## [Task instructions]
Starting with the line below that holds "빅사이즈 솔트 스타일" and stopping after the line that holds "PRADA TRIKO POLO ZWART MET GEBORDUURDE LOGO", transcribe the lines exactly, leaving out all pictures.

------------

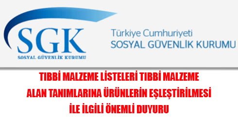 Tıbbi Malzeme Listeleri Tıbbi Malzeme Alan Tanımlarına Ürünlerin Eşleştirilmesi İle İlgili Önemli Duyuru
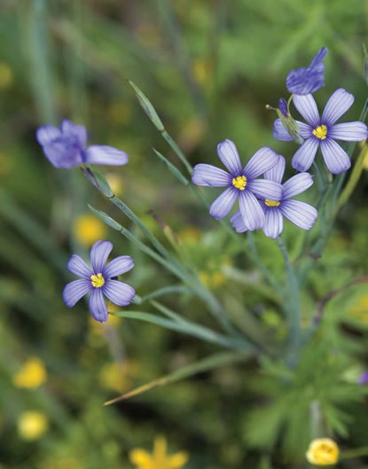Cheerful is an oft-used epithet to describe the starry blossoms of blue-eyed grass. Flower color varies from all shades of blue-violet to white—but always with a bright yellow center. This small perennial may be evergreen or summer deciduous and will seed about when situated in sunny gardens and heavy soils. For a classic combination, plant it with California poppy (Eschscholzia californica), yarrow (Achillea millefolium), arroyo lupine (Lupinus succulentus) and California buttercup (Ranunculus californicus).
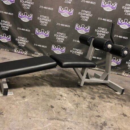 Life Fitness Signature Series adjustable decline abdominal bench on wheels. This is the current and latest model bench offered by Life Fitness. This bench is great for crunches, but also for pressing movements. Can be used free standing, in the Smith Machine or squat rack, with a barbell or dumbbells. Bench retails new for $1,400 and sells preowned elsewhere for $1,000.
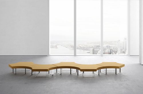 Longway is a sinuous and sturdy ribbon that designs an entire collection of modular upholstered seating, made of very different pieces of a unique style.
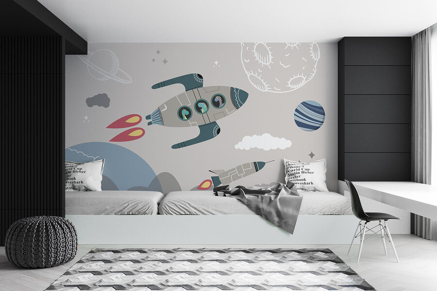Stell dir das vor: Dinosaurier, die in Raketenschiffen durch den Weltraum sausen! Das ist pure Magie an der Wand! Dieses Wandbild ist perfekt für jedes Kinderzimmer und regt zu endlosen Abenteuern und wilder Fantasie an. Denken Sie an Gute-Nacht-Geschichten über T-Rex-Astronauten und Dino-Mondlandungen. Das Leuchten in den Augen Ihrer Kleinen, wenn sie es sehen, ist unbezahlbar. Die Farben sind sanft und einnehmend und schaffen eine gemütliche und doch erheiternde Atmosphäre. Es ist eine skurrile Mischung aus prähistorischem Charme und cooler Weltraumatmosphäre. Ideal für kleine Träumer und zukünftige Entdecker. Bettzeit mit Raketenantrieb? Ja, bitte!
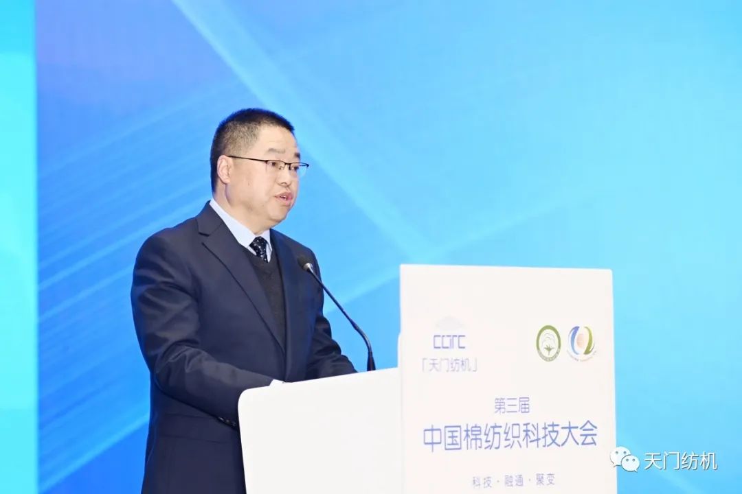 12月12日上午,中國(guó)棉紡織行業(yè)協(xié)會(huì)副會(huì)長(zhǎng)景慎全主持開幕式,中國(guó)棉紡織行業(yè)協(xié)會(huì)會(huì)長(zhǎng)董奎勇、湖北省經(jīng)濟(jì)和信息化廳副廳長(zhǎng)周開斌、全國(guó)棉紡織科技信息中心主任/《棉紡織技術(shù)》期刊社社長(zhǎng)王楊俊、天門紡機(jī)總經(jīng)理焦倫進(jìn)分別為大會(huì)致辭。
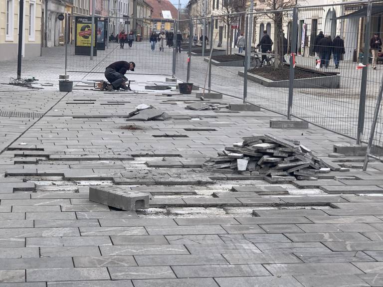 Na Glavnem trgu se že leta vleče zgodba o poškodovanih tlakovcih, ki jih pristojni na vsakih nekaj mesecev znova menjajo. Komaj je ena sanacija končana, že se pojavijo nove razpoke in posedeni deli, ki zahtevajo novo.
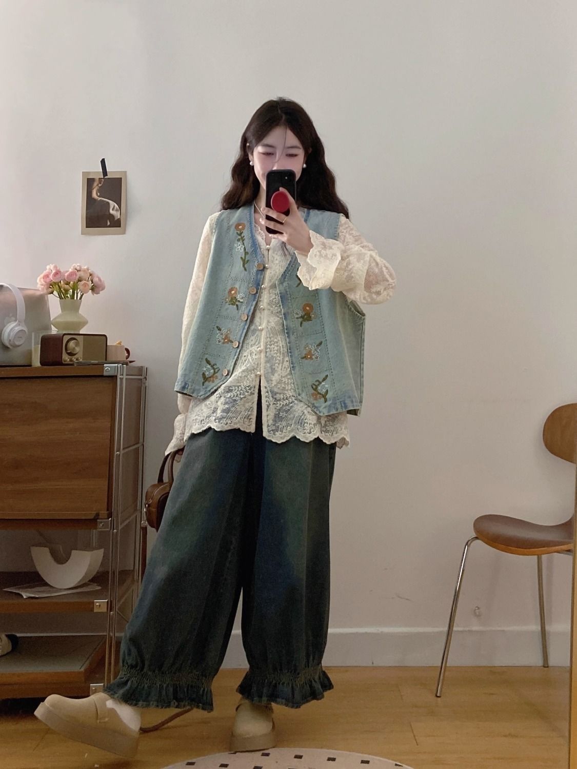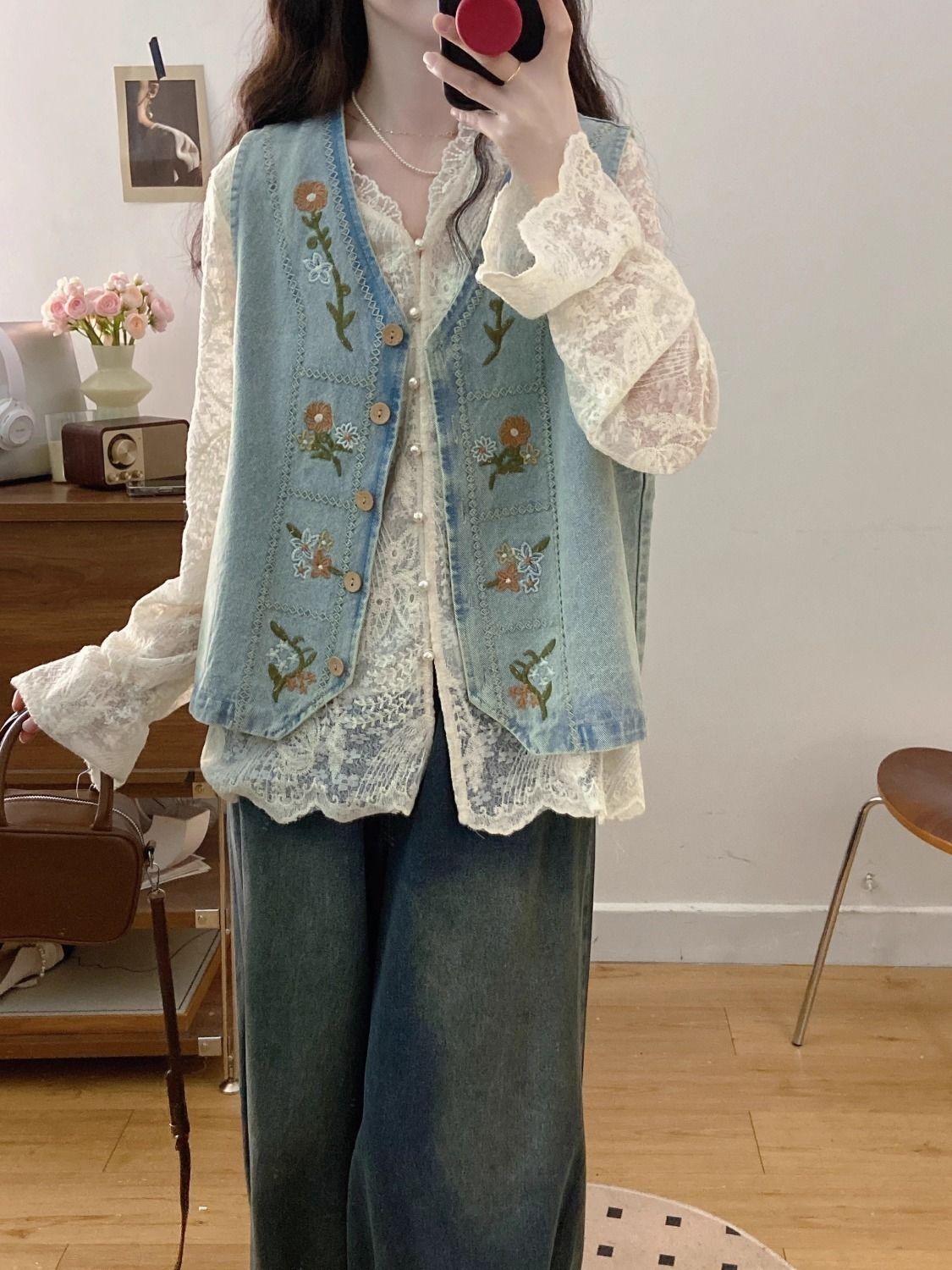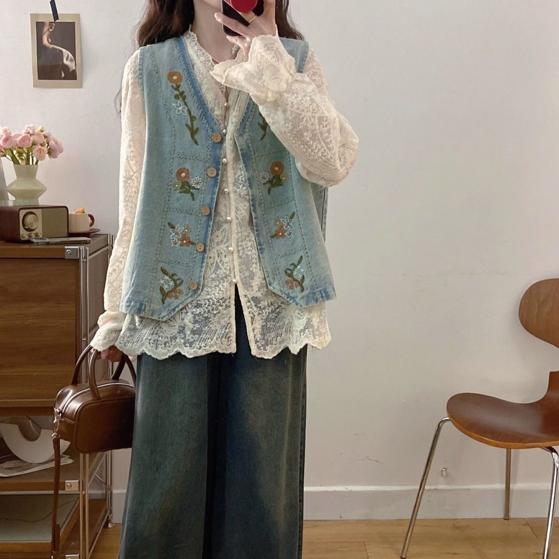 빅사이즈 솔트 스타일 2025년 신상 봄가을 자수 데님 조끼 여성 캐주얼 상의 슬림하고 달콤한 아우터스토어 가기
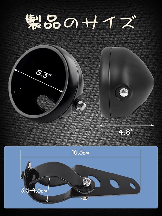 ●【対応車種】ほとんどのバイク/メトリックバイク/クルーザー/チョッパー/カフェレーサー/川崎バルカン/ホンダ/スズキなどのバイクに適合します。12Vバイクでしたら基本的に取付け可能です。対応車種に関しては、現在ご使用のヘッドライトシェルサイズをご確認の上、ご注文下さい。購入者が使いやすいように、ランプとランプハウジングが取り付けられており、分解する必要がなく、端子を直接接続して電源を入れると発光します。
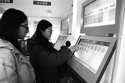 1月4日,浙江农林大学理学院的几名学生,在使用学生自助服务系统打印学籍证明、外语成绩证明等材料。
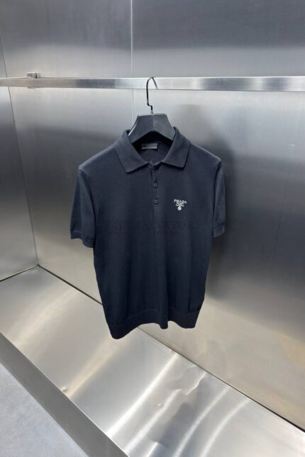 PRADA TRIKO POLO ZWART MET GEBORDUURDE LOGO
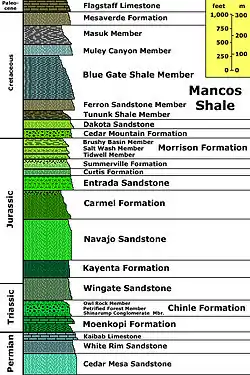 Approximately 94 to 85 million years ago, the seaway advanced onto and retreated from land as it laid down the Mancos Shale.[17] The Mancos is composed mostly of shale but two of its members, the Ferron and Muley Canyon, are sandstone that were laid down when relative sea level temporarily dropped. The five Mancos members from oldest to youngest are:

------------

## [Exercise response]
 빅사이즈 솔트 스타일 2025년 신상 봄가을 자수 데님 조끼 여성 캐주얼 상의 슬림하고 달콤한 아우터스토어 가기
 ●【対応車種】ほとんどのバイク/メトリックバイク/クルーザー/チョッパー/カフェレーサー/川崎バルカン/ホンダ/スズキなどのバイクに適合します。12Vバイクでしたら基本的に取付け可能です。対応車種に関しては、現在ご使用のヘッドライトシェルサイズをご確認の上、ご注文下さい。購入者が使いやすいように、ランプとランプハウジングが取り付けられており、分解する必要がなく、端子を直接接続して電源を入れると発光します。
 1月4日,浙江农林大学理学院的几名学生,在使用学生自助服务系统打印学籍证明、外语成绩证明等材料。
 PRADA TRIKO POLO ZWART MET GEBORDUURDE LOGO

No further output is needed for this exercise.